We Used to Fight Inflation With Boycotts
In 1973, hundreds of thousands of women took to the street to protest dramatic increases in the cost of meat. Grocery prices are growing at a much faster rate than they were 50 years ago. Why don’t we do the same?

Demonstrators marching in protest of the high price of meat in San Fransisco, California, on March 29, 1973. (Getty Images)
It was a revolution of peanut butter sandwiches.

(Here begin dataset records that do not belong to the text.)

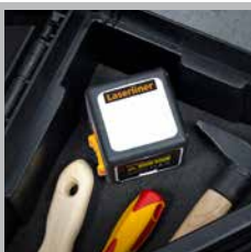
Fits in any toolbox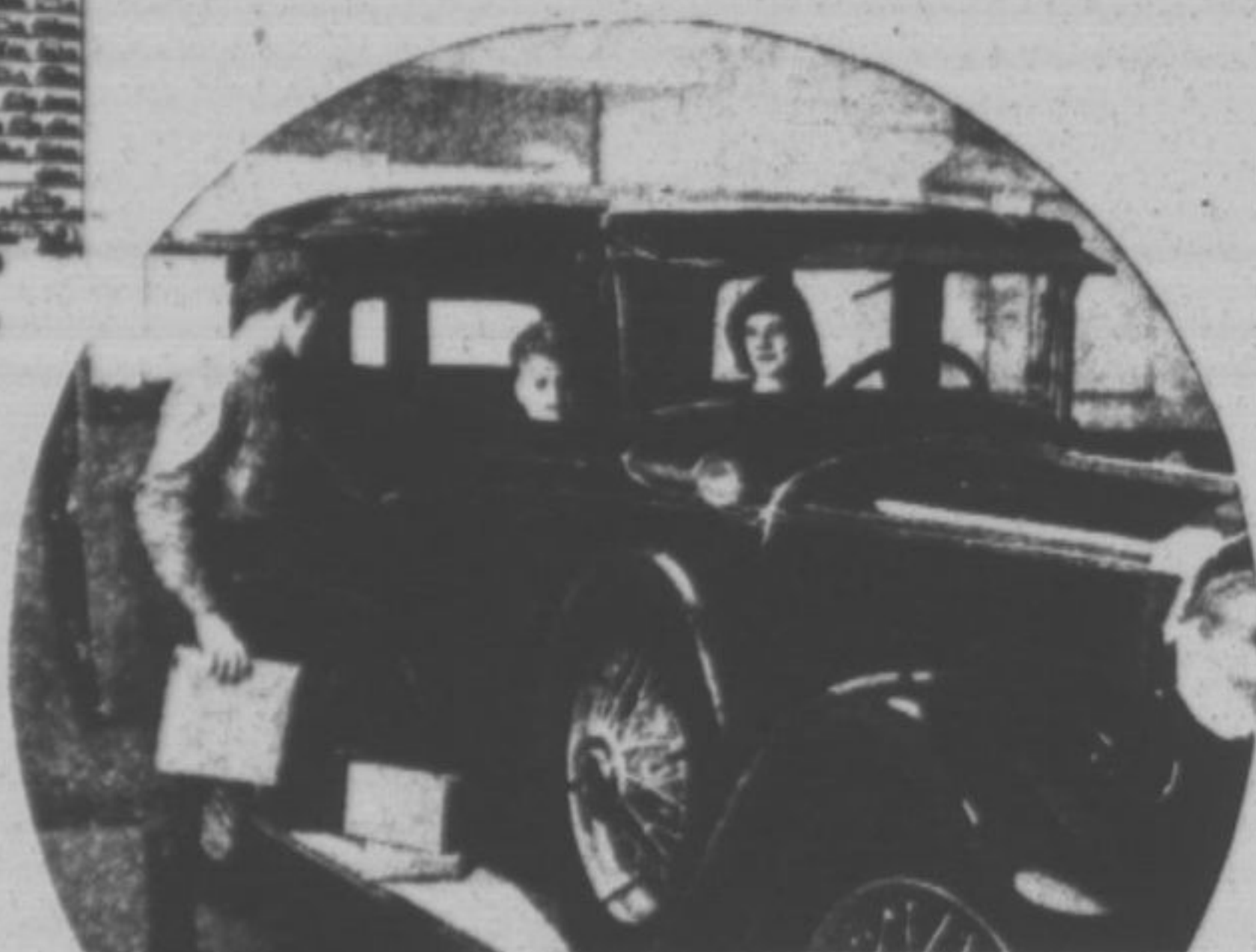
At each garage a special parcel service receives your packages, signs for them, and places them in your car when you leave.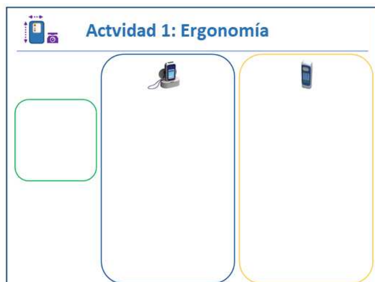
Figure 4. An example of one of the sticky cards representing the topics predefined for activity 2.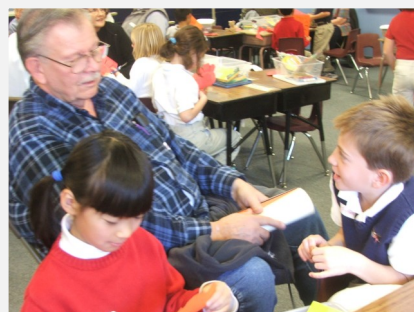
Liberty grandparent and students enjoy each other's company during Grandparents' Day 2010.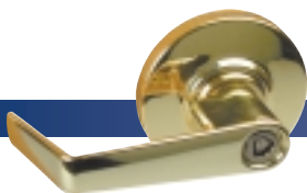
Lever with 6-pin cylinder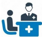
Consult a Doctor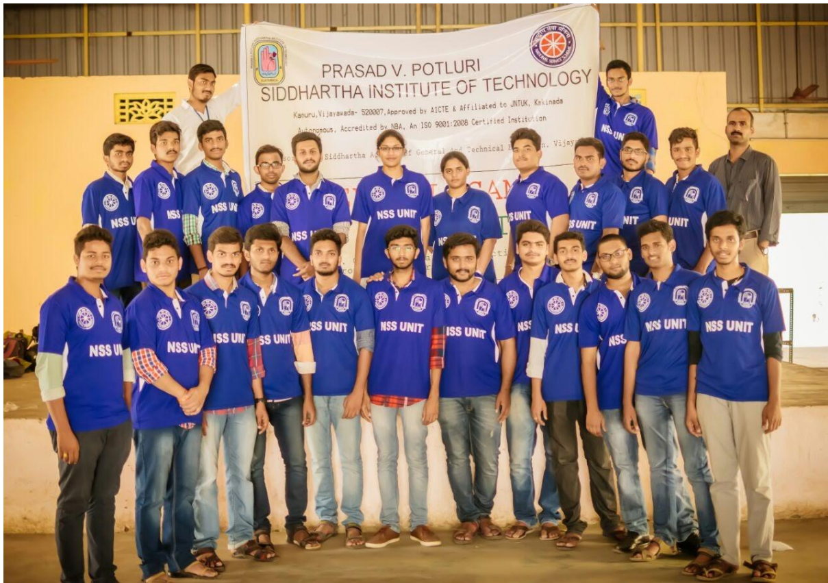
The budding NSS Volunteers who organised the camp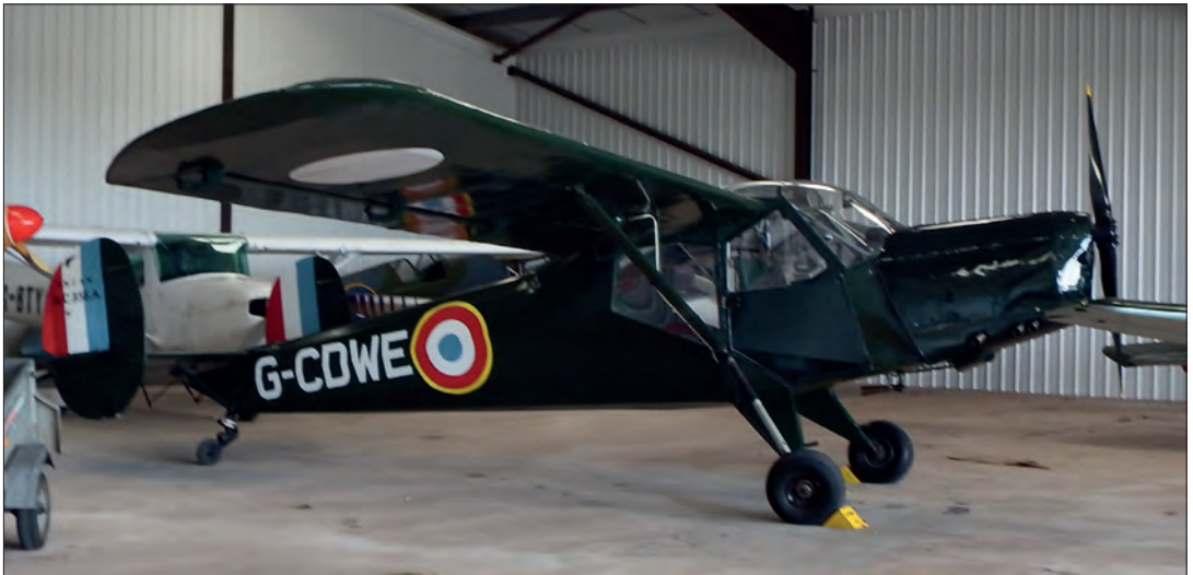
Nord NC.856 Norwegian G-CDWE (01) at Dunkswell on 6th July 2019.

replaced sister-ship G-NHAA on Air Ambulance duty on the 16th. The increase in visitors on 24th to 26th May was due to the Radio One Big Weekend being held locally at Stewart Park, Marton-in-Cleveland.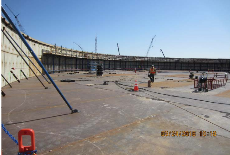
LNG Tank C – Interior wall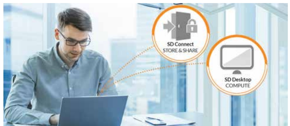
CSC can install new software on CSC’s computing environment SD Desktop at the researcher’s request.

“Patients with dermatitis herpetiformis have antibodies to transglutaminase 2, but they also have antibodies to a related enzyme, transglutaminase 3. Transglutaminase 3 (TG3) antibodies are also found in the skin, close to the rash, and are thought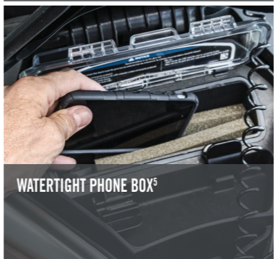
WATERTIGHT PHONE BOX 5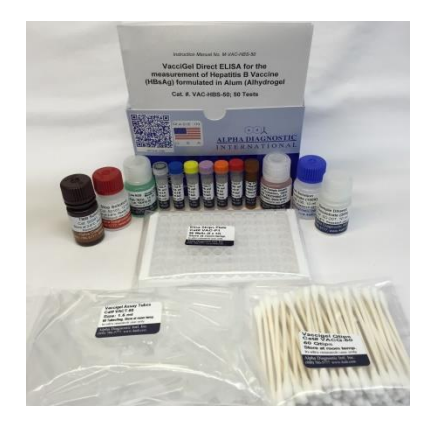
For In Vitro Research Use Only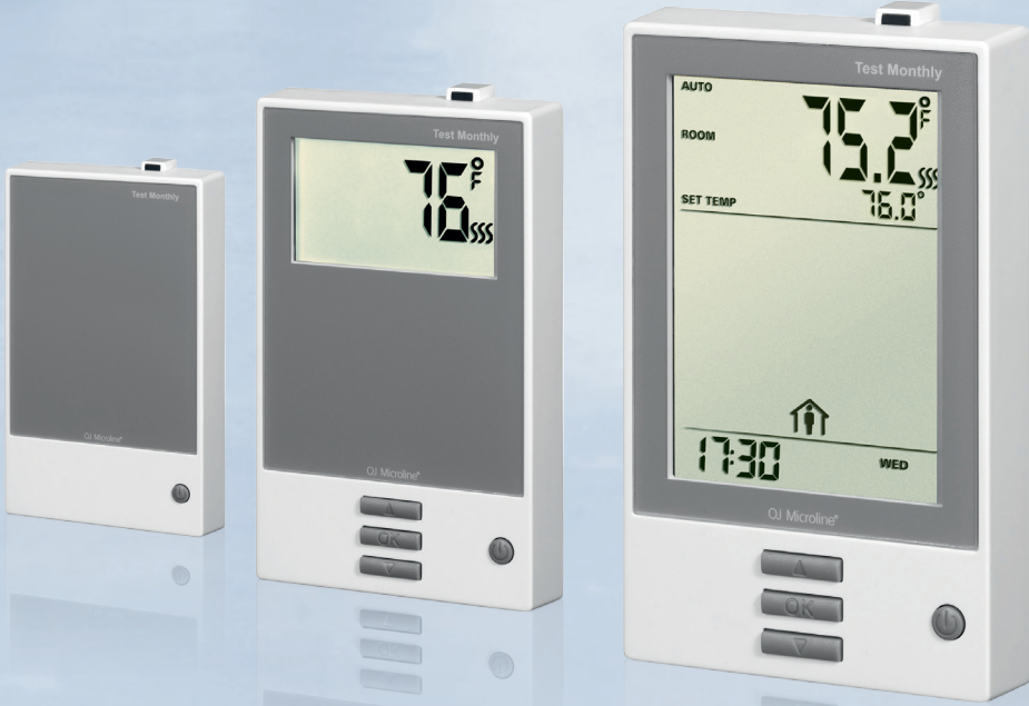
The intuitive OJ Microline® series contains 3 variants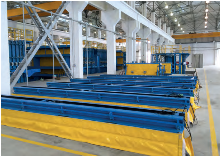
Beams (foreground), stairs (centre of picture) and ventilation shafts (background) can be produced using additional moulds, of which there are 15 in total. An integrated heating system accelerates the curing of the concrete.

ing tables are also used in Ashgabat for the production of large and special elements.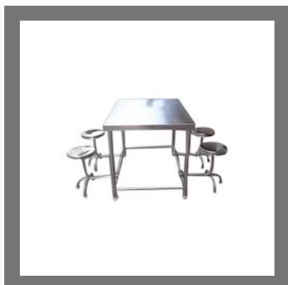
Cafeteria Dining Table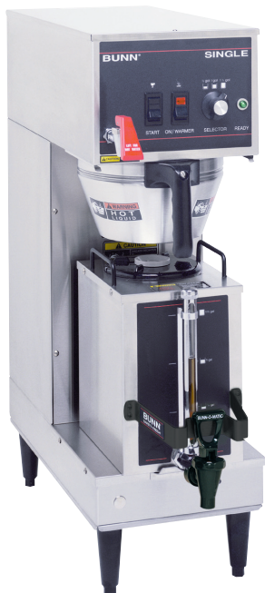
Model Single® with 1.5GPR server* Dimensions: 29.3" H x 9.25" W x 19" D (74.4cm H x 54.9cm W x 48.3cm D)

Hundreds of thousands of American women — mostly suburban, middle-class mothers who did not work outside the home — boycotted the meat industry from April 1 to April 8, 1973. They refused to buy beef, pork, and lamb, setting the table instead with “onion quiche, vegetable chow mein with cashews and lots of cheese and eggs,” according to the New York Times. They held rallies and passed out meatless menus with what the paper called “genteel militance.” The protests made national news, earned a political cartoon on the cover of Time magazine, and left meat magnates fuming.
That year, meat prices were about as bad as they are now. In March 1972, ground beef cost sixty-nine cents per pound, or the equivalent of $5.03 in November 2024. (In November 2024, ground beef cost $5.63 per pound.) As one shopper told the Times: “I’m not buying. I’m just looking at the prices and laughing.”